I would like to hear some more of your care stories if you get a chance.
These are such fascinating creatures.

I have included a photo.
Wow Jill! That certainly is a good-looking octopus you have there. Thanks for sharing!

I definitely encourage discussion on this topic, but just want to reiterate the columns Colin referenced in his earlier post, since it really should be mandatory reading for anyone interested in blue rings:

http://is.dal.ca/~ceph/TCP/bluering1.html by Dr Roy Caldwell
http://is.dal.ca/~ceph/TCP/octobite.html by Roland C. Anderson
Hi Jill
Thats is a nice looker! :smile:

i hope that you can share some more facts and stories about your octo over time. Tell us more.....

PS remember to add your octopus to our database when you get the chance 8)

Care tips =)...

Sounds like you have taken very similar steps. I wonder if the noise, or lack therof in an Eclipse tank has anything to do with the activity we both experience/d? At any rate I am sorry to say I can't offer any new tips, and it seems as if she already has a taste for shore crabs and I think getting them to eat is half the battle. I am jealous Jill :P I have not found anything close to Molly in the past year. Enjoy her while she is with you and take lots of pics :biggrin2: . Regards. Tim

if you did get bit........

A) would you feel the bite????

B) would the death be very painful???

I am just curious, is it possible to make it to the hospital and get anti-venom shots??? can you buy AV kits for your home just like for snakes???
A bite would be... bad =(

As far as I have heard the bite is often times minute and rarely even felt. I would imagine the death to be very much like suffocating, as the toxin shuts down the respiritory system of the victim (NOT fun I'd think lol), and then paralyzes you. At any rate I believe the only procedure in the U.S. for treatment is CPR and breathing apparati. I also have heard that you have only a matter of minutes and that it starts with numbness in your hands. Perhaps the scariest part is that you remain fully lucid (i.e. until you pass out and die your brain, vision, and hearing work fine). On a lighter note I have also heard that Blue Ring's can deliver less lethal doses at their discretion if they are not trying to kill the victim. And on one final note these are not overtly aggressive animals and will probably only bite in the event that you poke, step on, or agitate them a bunch. As long as you know where they are and aren't silly/stupid, I would never imagine one hunting you down. :biggrin2:

I agree with Jill.
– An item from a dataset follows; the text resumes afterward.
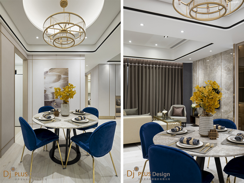 走進餐廳,可見與公領域截然不同的風格呈現,搶眼的鈷藍色絨布椅,感受西方獨樹一幟的風格代表,而天花圓形嵌燈襯托下的簡約吊燈,除了寓意東方圓滿、圓融的精神傳承之外,更碰撞出和諧靈動的美感。牆上的金屬線段與天花的經典黑框,圍塑天地表情,也讓心境隨之轉換。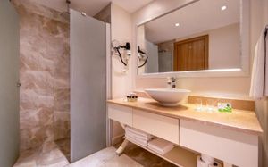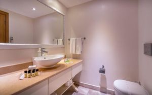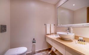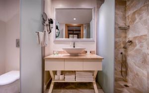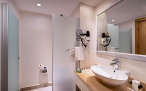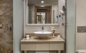 Комментарий к размещению: Номера для людей с ограниченными возможностями: В общей сложности 5 номеров. В ванной комнате установлена кнопка вызова оператора в случае экстренной ситуации. Душ/ туалет. Балкон с видом на окрестности. Технические характеристики: ширина дверей 80 см, ширина балконных дверей 85 см, ширина дверей лифтов 80 см, ширина ванных дверей 80 см. Для людей на инвалидных колясках удобный доступ на ресепшн, в основной ресторан, к бассейну, и на пляж. (Максимальное размещение: 2 взрослых). Аренда инвалидных колясок под депозит 50 $ / 50 Euro.

I have observed the activity level of the blue ring. It has been close to 10 years since I saw two live ones in a local pet store, and I was impressed by them. They did not strike me as shy in the least. I have had two octopi in the past, but never a blue ring. If I had been set up for them at the time I would not have hesitated to buy them. I had previously seen preserved specimens at Hawaiian Marine Imports in Houston, Texas back in the 70's. These were not for public sale. The level of danger of these creatures are to be respected. In the past I have had lion fish and leopard sharks and never suffered injuries from them. It is important to understand and respect the creatures that one keeps in captivity.
Eric, were the 2 blue rings you saw at "Animal Jungle"?...just wondering because I'm originally from Virginia Beach and that's the only place I've ever seen carry octos.
Is this true but I read somewere (forget were :?)if you get bit and put very hot water over the bite it will slow the affects.
And if anyone knows were some good pics are of Blue rings in captivity I would love to see them.